Report

Genome Sequence, Comparative Analysis, and Population Genetics of the Domestic Horse

See allHide authors and affiliations

Science  06 Nov 2009:
Vol. 326, Issue 5954, pp. 865-867
DOI: 10.1126/science.1178158

Abstract

We report a high-quality draft sequence of the genome of the horse (Equus caballus). The genome is relatively repetitive but has little segmental duplication. Chromosomes appear to have undergone few historical rearrangements: 53% of equine chromosomes show conserved synteny to a single human chromosome. Equine chromosome 11 is shown to have an evolutionary new centromere devoid of centromeric satellite DNA, suggesting that centromeric function may arise before satellite repeat accumulation. Linkage disequilibrium, showing the influences of early domestication of large herds of female horses, is intermediate in length between dog and human, and there is long-range haplotype sharing among breeds.

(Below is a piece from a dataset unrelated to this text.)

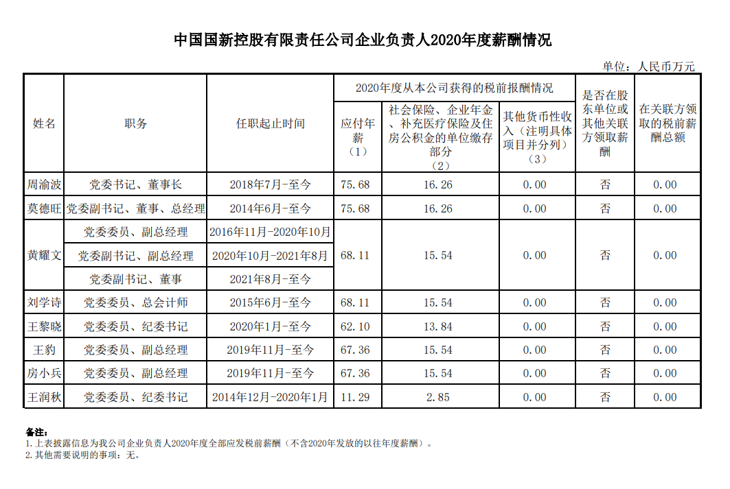 央企一把手的2020年度应付年薪明细,一起来看↓

As one of the earliest domesticated species, the horse, Equus caballus, has played an important role in human exploration of novel territories. Belonging to the order perissodactyla (i.e., odd-toed animals with hooves), the genus Equus radiated into 8 or 9 species around three million years ago (1). Members of the family equidae exhibit diverged karyotypes (2) and variable centromeric positioning (1). With over 90 hereditary conditions, which may serve as models for human disorders (3, 4) (such as infertility, inflammatory diseases, and muscle disorders), the horse has much to offer as a model species.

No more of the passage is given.